What of the sales statistics? They suggest that even King found more success as an author during his addict days than since. His new novel Full Dark, No Stars was released this month, November of 2010, and is already finding success in bookstores and on websites such as Amazon and Audible. The question of sales figures becomes superimposed by the author’s legacy, which so far he has been able to extend another two decades; possibly as a direct result of cleaning up. In any case, it is clear what Stephen King thinks of the Hemingway Defense. “Life isn’t a support-system for art. It’s the other way around.”

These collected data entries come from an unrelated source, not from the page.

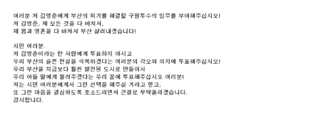 “청와대 수석들이나 대통령께도 바로 직보할 수 있는 김영춘이 위기의 부산을 살릴 수 있는 적임자가 아니겠습니까. 부산의 위기를 해결할 구원투수의 임무를 부여해 주십시오.”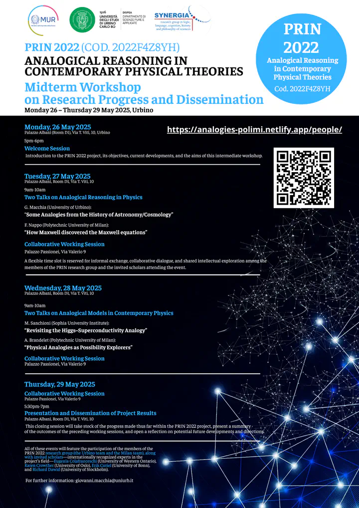 A session dedicated to the role of analogy in theoretical modeling. The session will feature two brief presentations by members of the PRIN research group (the Urbino team and the Milan team), followed by a collective discussion aimed at exploring and critically assessing the methodological implications. Discussants: Eugenia Colafranceschi (University of Western Ontario), Karen Crowther (University of Oslo), Erik Curiel (University of Bonn), and Richard Dawid (University of Stockholm). This session will be held at Palazzo Albani (Room D1), Via Timoteo Viti, 10, Urbino.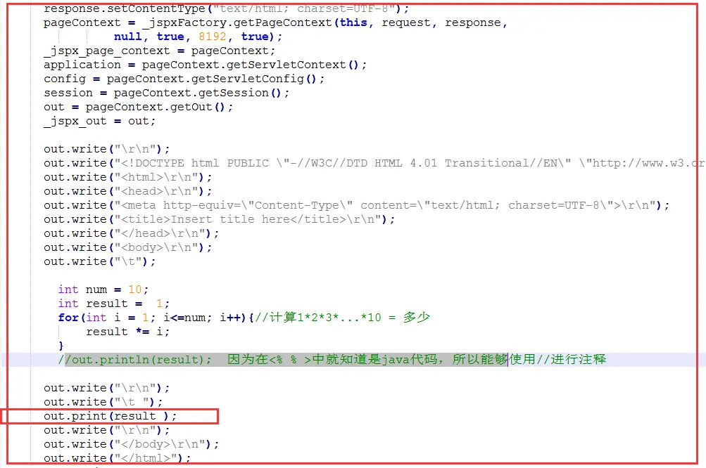 使用<%=result %>来输出结果,servlet中就会将其转换为out.print(result)进行输出。输出各种类型数据:int、double、boolean、String、Object等。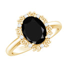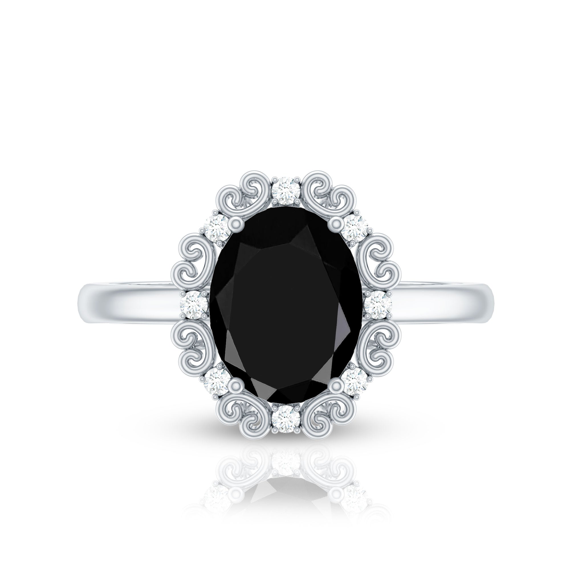 Lab Grown Black Diamond Oval Engagement Ring with Diamond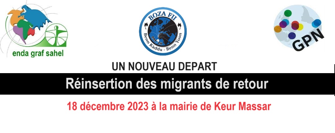 L’association Boza-fii en collaboration avec Enda Graf Sahel, a tenu un atelier GPN (GLOBAL PARTNERSHIP NETWORK) le 18 Décembre à la mairie de Keur Massar Nord. Sous le thème de : Réinsertion des migrants de retour, cet évènement était également une occasion pour Boza-fii de célébrer la journée internationale de la migration.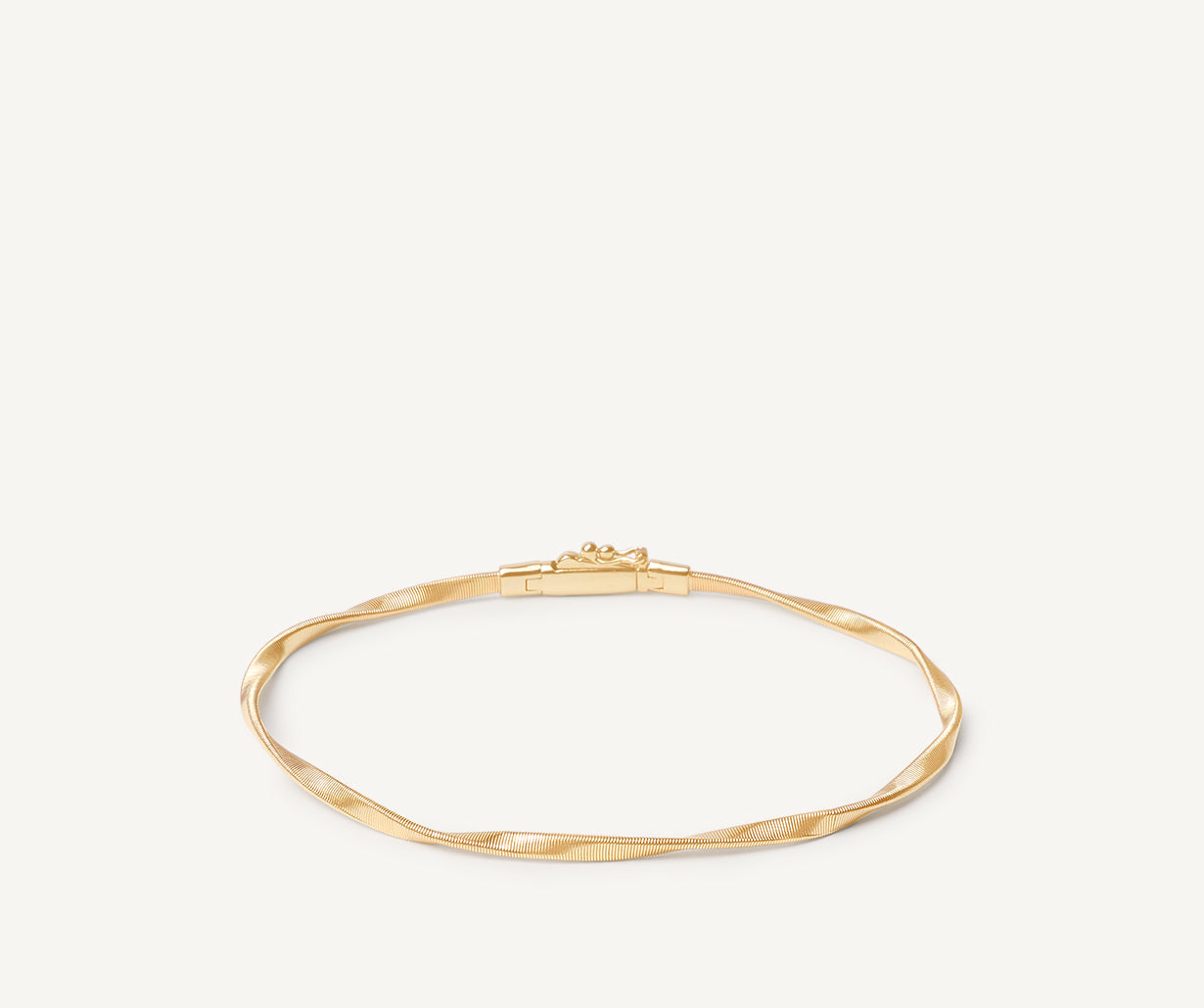 An elegant strand of twisted threads in 18t yellow gold, carefully created with the exclusive coil technique. Perfect on its own, stunning paired with the other bracelets in the collection. Essential in its sophistication.

So did King find it difficult to continue writing as he sobered up? He admits that he did:
“At the start of the road back I just tried to believe the people who said that things would get better if I gave them time to do so. And I never stopped writing. Some of the stuff that came out was tentative and flat, but at least it was there… Little by little I found the beat again, and after that I found the joy again. I came back to my family with gratitude, and back to my work with relief…” – Stephen King
The way King puts it; he was very close to pulling a Hemingway at the time of his intervention. If that had happened, it would have placed The Tommyknockers as his last published novel. The book is about aliens who could take root in someone’s mind, and start “tommyknocking around.” If this had been the case, then perhaps his “last” novel would have been seen as a great literary statement about the affects of drugs in his life, made ever more potent by his suicide. Instead, we have King with us today. He has enjoyed a good marriage, a rich life, and has continued to write and publish. The memoir On Writing inspires writers everywhere, and works like The Green Mile have earned him respect from the literary crowd that he never could have won through Horror novels alone. Stephen King has proven that genius, skill, talent and hard work can and do exist independently from the disease of addiction.